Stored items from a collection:
____________________

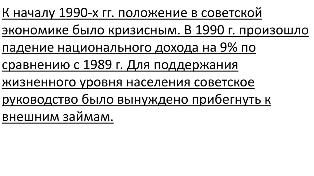К началу 1990-х гг. положение в советскойэкономике было кризисным. В 1990 г. произошло
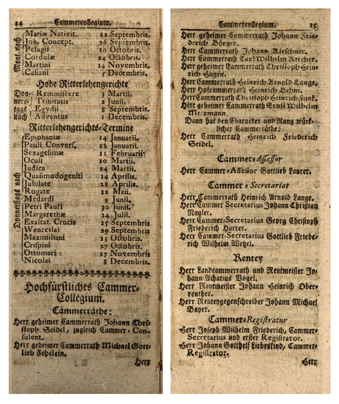 Verzeichnis der Bayreuther Hofkammer 1768. Abb aus: Hochfürstlich-Brandenburgisch-Culmbachischer Address- und Schreib-Calender, Bayreuth 1768, 14f. (Bayerische Staatsbibliothek, Bavar. 52 os-768)
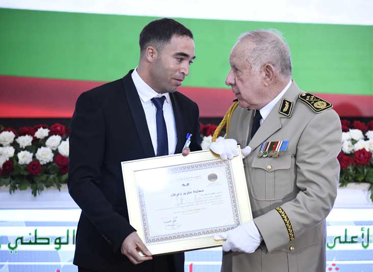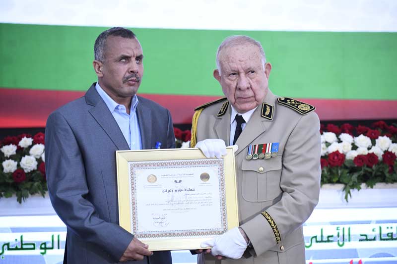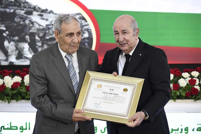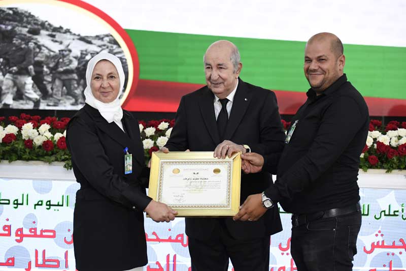 إثر ذلك، قام السيد رئيس الجمهورية بتكريم متقاعدي الجيش الوطني الشعبي المنحدرين من صفوف جيش التحرير الوطني وعائلات شهداء الواجب الوطني ومعطوبي وكبار جرحى الجيش الوطني الشعبي في مكافحة الإرهاب من خلال إسدائهم شهادات تكريم وعرفان، وذلك قبل أن يأخذ صورة تذكارية مع المكرمين.
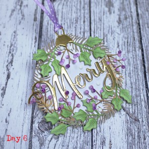 For my take on the wreath tag, I used some die sets kindly sent to me by Penny Black – the Jumbo Bauble set (51-743), part of the big holly stem in the Holly-Days set (51-741), and sprigs from Stocking Stuffers (51-747) and Joy of Giving (51-748). The sentiment is from the Merry Edger set (51-745).
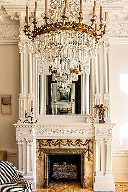 A grand fireplace mantel serves as the focal point, adorned with intricate white moldings and decorative details. Above it, an elegant chandelier covered with crystal prisms cascades down, complemented by vintage-style candles. The mantel features a reflective mirror that enhances the room’s brightness and depth. Richly patterned tiles surround the fireplace, creating warmth against the cream walls. An artistic sculpture and a small decorative object rest atop the mantel, adding character. A plush, striped armchair nearby invites comfort and leisure, harmonizing with the overall sophisticated aesthetic of this historic space.
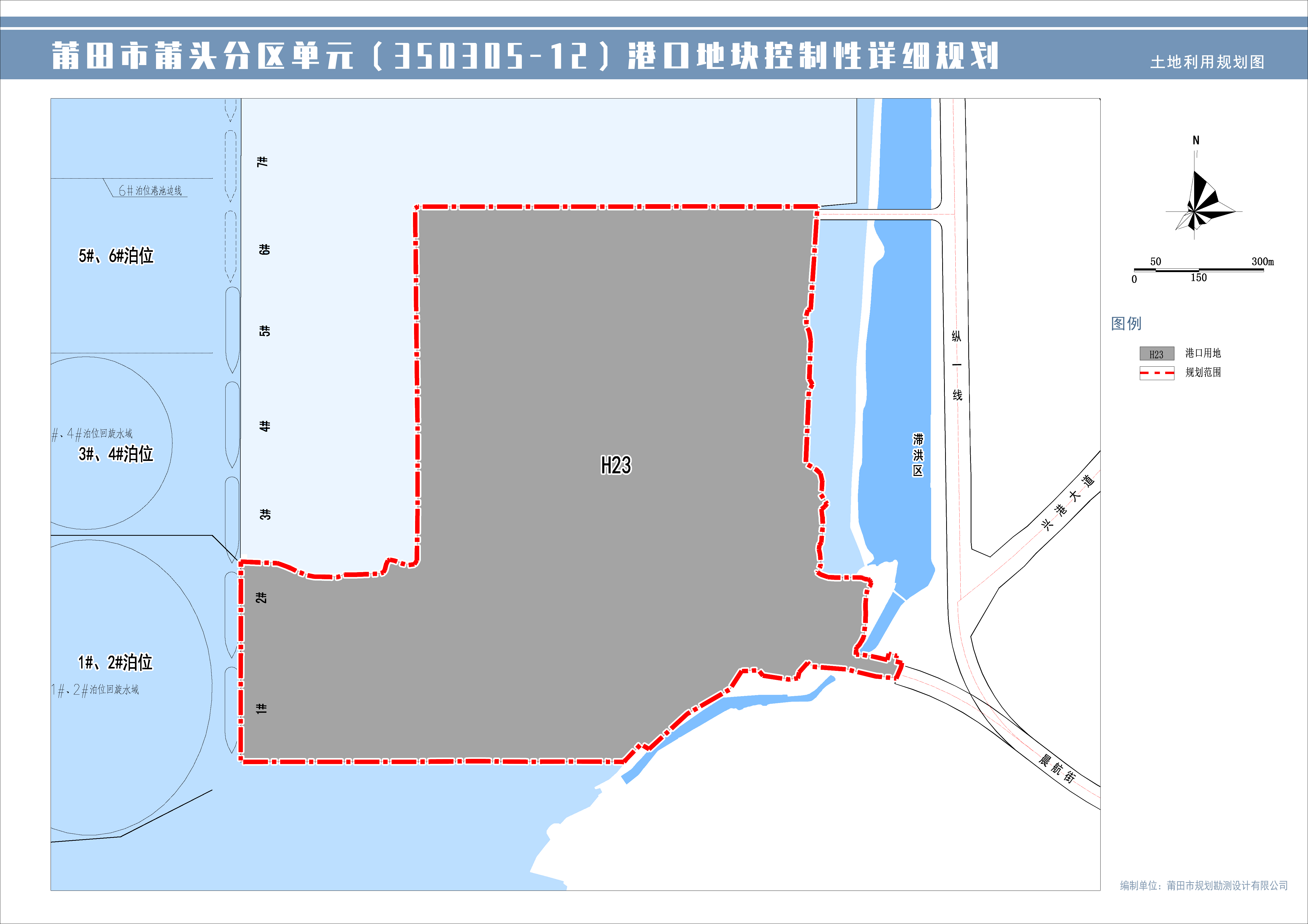 莆田市莆头分区单元(350305-12)港口地块规划四至范围:西、南、北至现状湄洲湾海域,东至现状滞洪区,规划总用地面积约为 133.0 公顷。

____________________

→ **TRY IT**: Only text belongs in the copy: repeat each line of the data exactly and leave out the pictures.

→ **TASK RESPONSE**:
К началу 1990-х гг. положение в советскойэкономике было кризисным. В 1990 г. произошло
 Verzeichnis der Bayreuther Hofkammer 1768. Abb aus: Hochfürstlich-Brandenburgisch-Culmbachischer Address- und Schreib-Calender, Bayreuth 1768, 14f. (Bayerische Staatsbibliothek, Bavar. 52 os-768)
 إثر ذلك، قام السيد رئيس الجمهورية بتكريم متقاعدي الجيش الوطني الشعبي المنحدرين من صفوف جيش التحرير الوطني وعائلات شهداء الواجب الوطني ومعطوبي وكبار جرحى الجيش الوطني الشعبي في مكافحة الإرهاب من خلال إسدائهم شهادات تكريم وعرفان، وذلك قبل أن يأخذ صورة تذكارية مع المكرمين.
 For my take on the wreath tag, I used some die sets kindly sent to me by Penny Black – the Jumbo Bauble set (51-743), part of the big holly stem in the Holly-Days set (51-741), and sprigs from Stocking Stuffers (51-747) and Joy of Giving (51-748). The sentiment is from the Merry Edger set (51-745).
 A grand fireplace mantel serves as the focal point, adorned with intricate white moldings and decorative details. Above it, an elegant chandelier covered with crystal prisms cascades down, complemented by vintage-style candles. The mantel features a reflective mirror that enhances the room’s brightness and depth. Richly patterned tiles surround the fireplace, creating warmth against the cream walls. An artistic sculpture and a small decorative object rest atop the mantel, adding character. A plush, striped armchair nearby invites comfort and leisure, harmonizing with the overall sophisticated aesthetic of this historic space.
 莆田市莆头分区单元(350305-12)港口地块规划四至范围:西、南、北至现状湄洲湾海域,东至现状滞洪区,规划总用地面积约为 133.0 公顷。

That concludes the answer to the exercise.